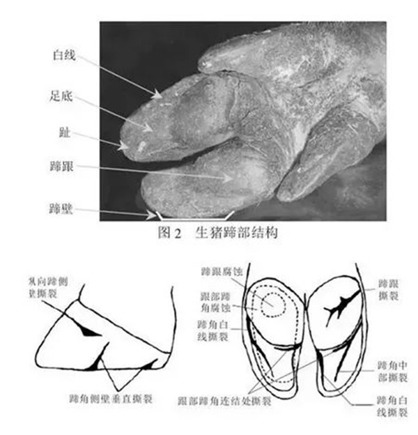 淘汰种猪的重要因素之一,最近有人问笔者,母猪蹄部起脓包,怎么处理?今天就为大家整理出来母猪肢蹄病的防治方法。如图中,猪肢蹄病一般会发生哪些病变,先来了解一下猪的蹄部结构。
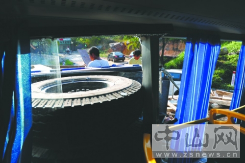 公交車受兩臺車夾擊后,車窗玻璃被撞得粉碎,一只輪胎從車窗飛了進(jìn)來。
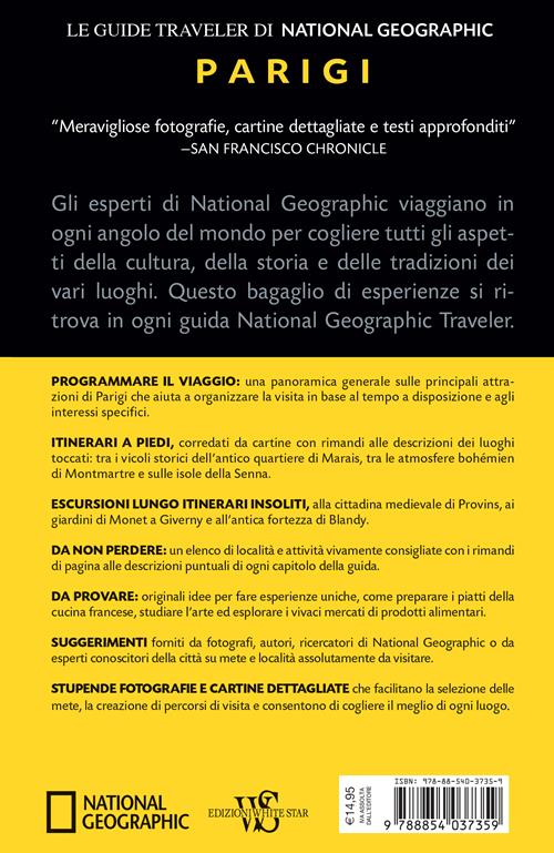 Programmare il viaggio, una panoramica generale sulle principali attrazioni di Parigi che aiuta a organizzare la visita in base al tempo a disposizione e agli interessi specifici. Da provare, pratiche e originali idee per prendere parte a un ballo nella caserma dei pompieri, andare alla scoperta dei mercati rionali e prendere lezioni d'arte en plein air. Suggerimenti forniti da fotografi, autori, ricercatori di National Geographic o da esperti conoscitori della città su mete e località da non perdere, aspetti pratici e molto altro ancora. Itinerari a piedi corredati da cartine con rimandi alle descrizioni dei luoghi toccati, che propongono percorsi tra i vicoli storici dell'antico quartiere di Marais, tra le atmosfere bohémien di Montmartre e sulle isole della Senna. Escursioni fuori città alla cittadina medievale di Provins, ai giardini di Monet a Giverny e all'antica fortezza di Blandy. Da non perdere, un elenco di località e attività vivamente consigliate con i rimandi di pagina alle descrizioni puntuali di ogni capitolo della guida. Stupende fotografie e cartine dettagliate che facilitano la selezione delle mete, la creazione di percorsi di visita e consentono di cogliere il meglio di ogni luogo.
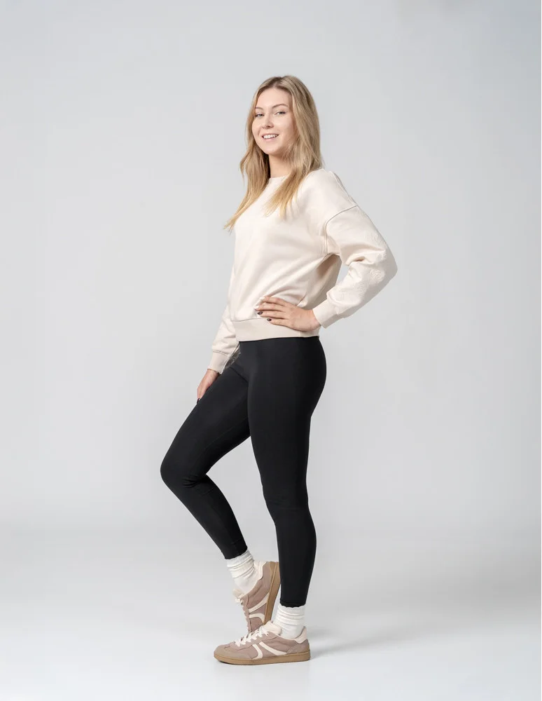 Klasyczne czarne legginsy ocieplane damskie CZARNY
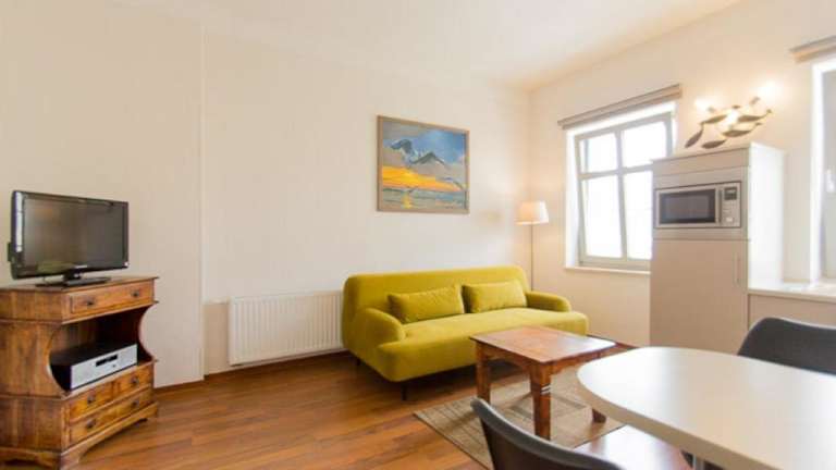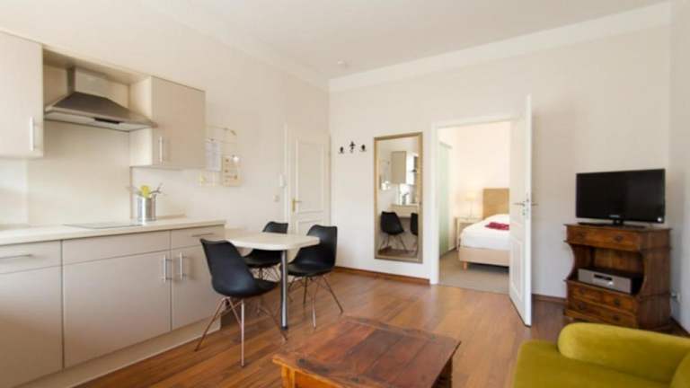 Die Ferienwohnung verfügt über ein Schlafzimmer, ein Badezimmer mit Dusche, eine gut ausgestattete Küchenzeile mit Kühlschrank und Geschirrspüler sowie einen TV mit Kabelkanälen. Handtücher und Bettwäsche werden bereitgestellt.
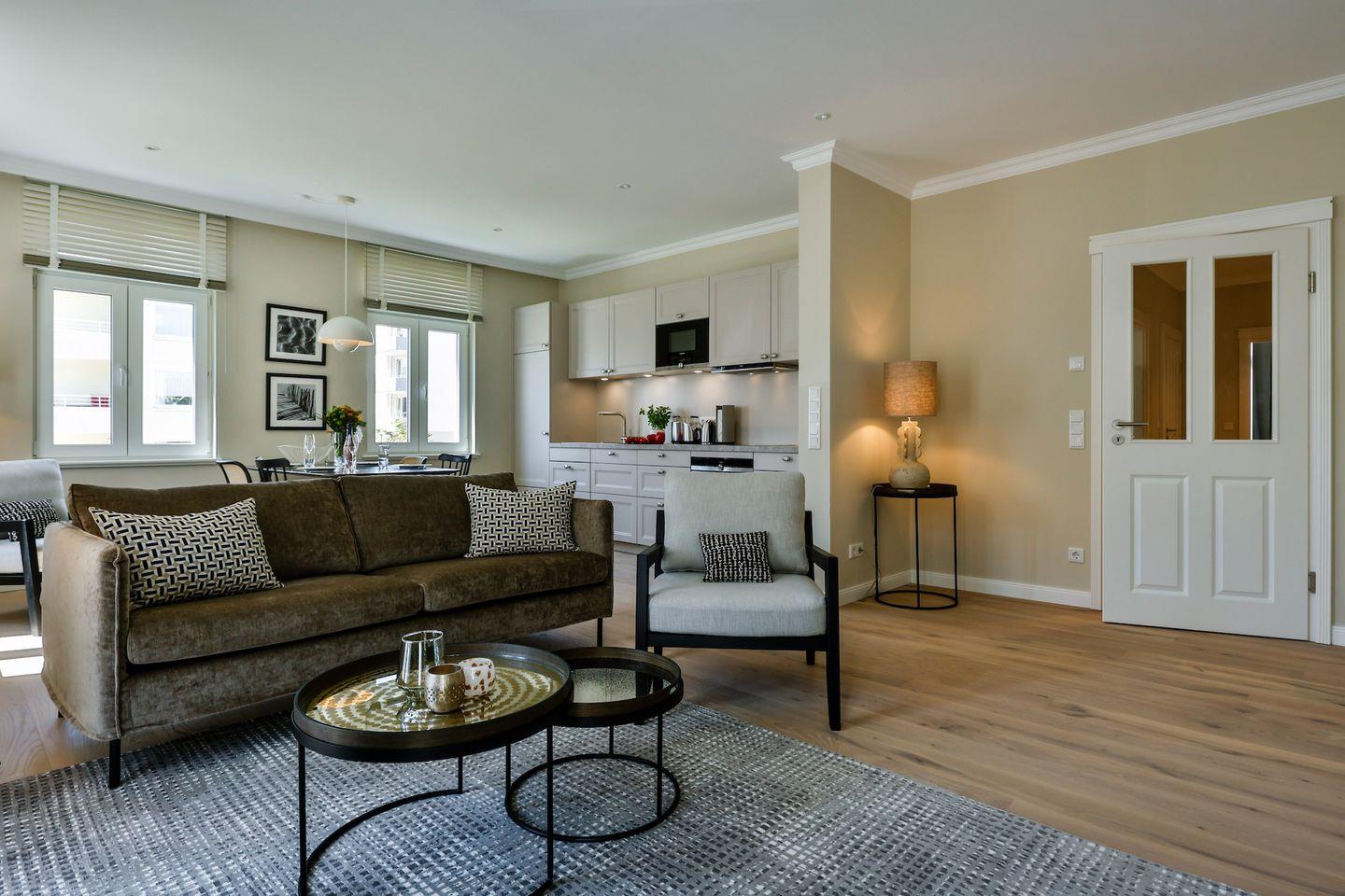 Der helle Wohn- und Essbereich lädt zum Verweilen ein und hat einen direkten Zugang zum Südbalkon. Hier scheint die Sonne zu fast jeder Tageszeit. Lassen Sie dort den Abend gemütlich ausklingen. Den Nordbalkon begehen Sie über eines der Schlafzimmer. Die hochwertige Loewe klang s3-Anlage sorgt für ein exklusives Klangerlebnis und verfügt über Digital-Radio, Bluetooth, CD-Player und USB-Anschlüsse. Eine moderne Einrichtung und das großzügige Raumangebot machen das Wohnzimmer zu einem Ort der Entspannung und Erholung.
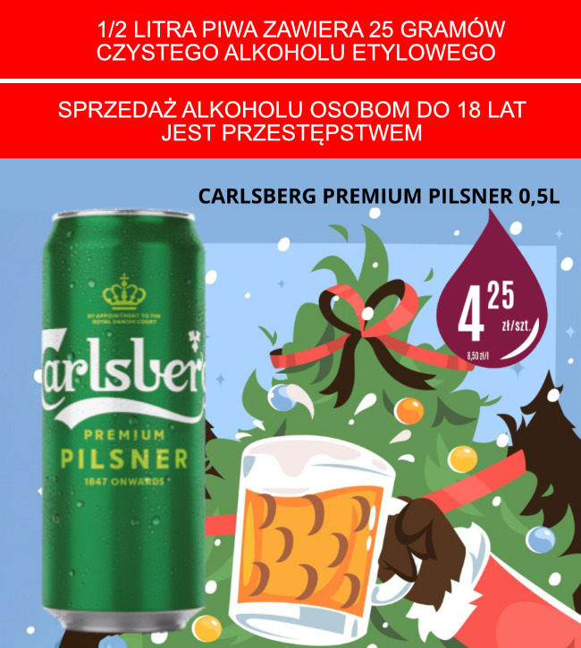 2025-12-272025-12-22Promocje Carlsberg Pils Carlsberg Premium Pilsner to klasyczny pilsner: jasny, klarowny, w swoim stylu. Czasem prostota mówi najwięcej. 🍺
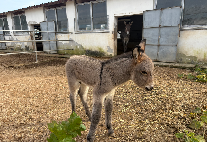 產房外,一頭母驢帶着一頭出生一週的小灰驢躺在地上曬太陽。憨態可掬的小灰驢一會圍着媽媽蹦蹦跳跳,一會兒在媽媽懷裏吃奶,一會兒又躺在地上表演驢打滾,十分愜意。
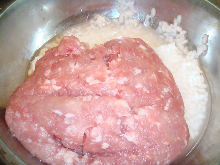 Добавить мясной фарш и рис с небольшим количеством воды, в котором он варился:

=====

**Problem to solve:**
Beginning with the first line of the records and ending with the line that contains "公交車受兩臺車夾擊后,車窗玻璃被撞得粉碎,一只輪胎從車窗飛了進(jìn)來。", reproduce every line exactly, omitting pictures and adding nothing.

**Exercise solution:**
 淘汰种猪的重要因素之一,最近有人问笔者,母猪蹄部起脓包,怎么处理?今天就为大家整理出来母猪肢蹄病的防治方法。如图中,猪肢蹄病一般会发生哪些病变,先来了解一下猪的蹄部结构。
 公交車受兩臺車夾擊后,車窗玻璃被撞得粉碎,一只輪胎從車窗飛了進(jìn)來。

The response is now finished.